Work instruction :: Where the data below begins, start retyping exactly, and end on the line with "Os Copic Ciao são", which is included; no picture goes in.

Source material ::

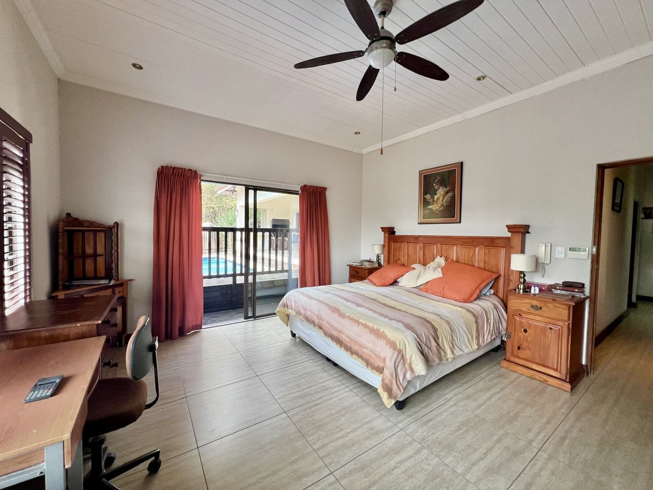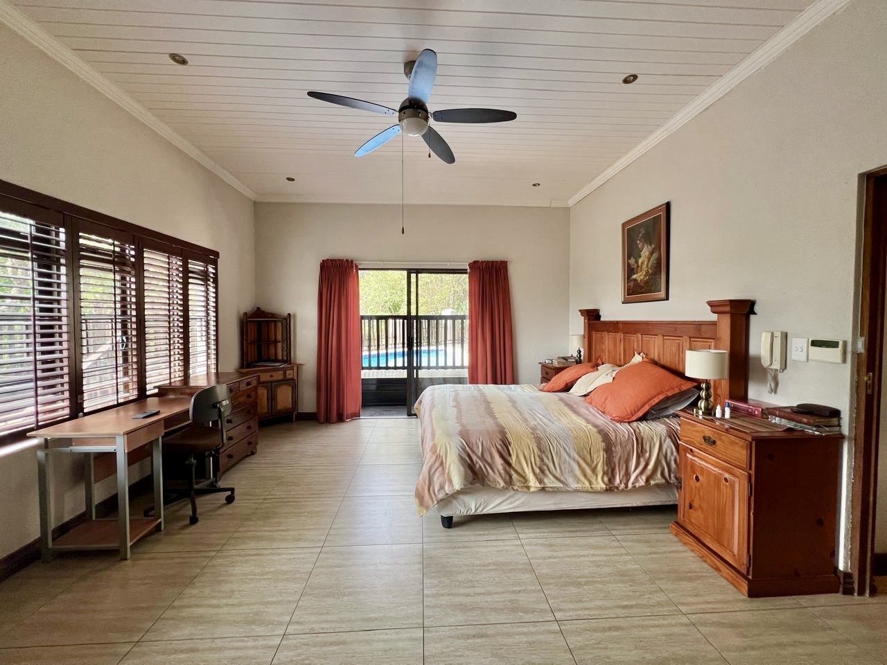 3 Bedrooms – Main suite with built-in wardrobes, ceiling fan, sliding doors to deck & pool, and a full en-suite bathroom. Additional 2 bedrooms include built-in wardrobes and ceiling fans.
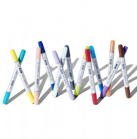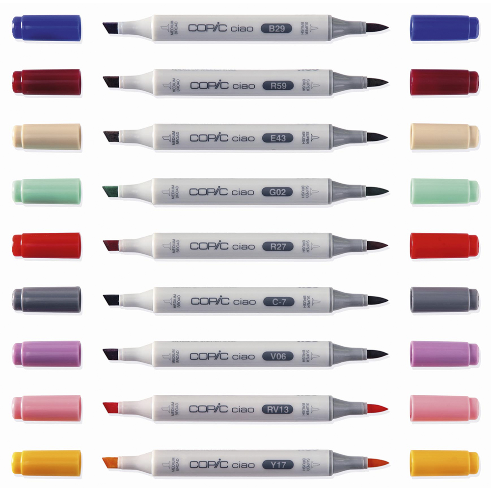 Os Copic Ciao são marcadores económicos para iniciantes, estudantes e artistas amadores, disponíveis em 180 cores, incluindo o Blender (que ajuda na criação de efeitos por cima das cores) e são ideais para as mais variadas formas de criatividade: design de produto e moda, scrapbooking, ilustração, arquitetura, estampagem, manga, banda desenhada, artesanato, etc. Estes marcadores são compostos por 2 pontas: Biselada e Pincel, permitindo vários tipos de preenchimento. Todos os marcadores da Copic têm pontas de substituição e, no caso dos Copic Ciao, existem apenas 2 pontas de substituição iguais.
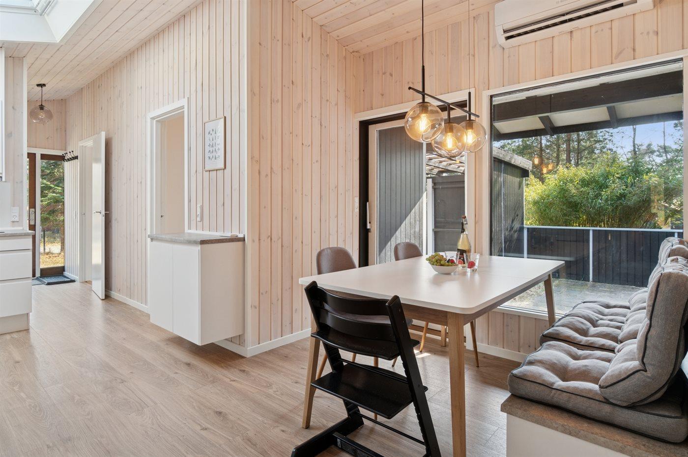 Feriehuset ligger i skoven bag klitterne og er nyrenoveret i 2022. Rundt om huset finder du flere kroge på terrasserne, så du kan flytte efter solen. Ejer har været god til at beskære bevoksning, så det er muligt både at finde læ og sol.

Task output ::
 3 Bedrooms – Main suite with built-in wardrobes, ceiling fan, sliding doors to deck & pool, and a full en-suite bathroom. Additional 2 bedrooms include built-in wardrobes and ceiling fans.
 Os Copic Ciao são marcadores económicos para iniciantes, estudantes e artistas amadores, disponíveis em 180 cores, incluindo o Blender (que ajuda na criação de efeitos por cima das cores) e são ideais para as mais variadas formas de criatividade: design de produto e moda, scrapbooking, ilustração, arquitetura, estampagem, manga, banda desenhada, artesanato, etc. Estes marcadores são compostos por 2 pontas: Biselada e Pincel, permitindo vários tipos de preenchimento. Todos os marcadores da Copic têm pontas de substituição e, no caso dos Copic Ciao, existem apenas 2 pontas de substituição iguais.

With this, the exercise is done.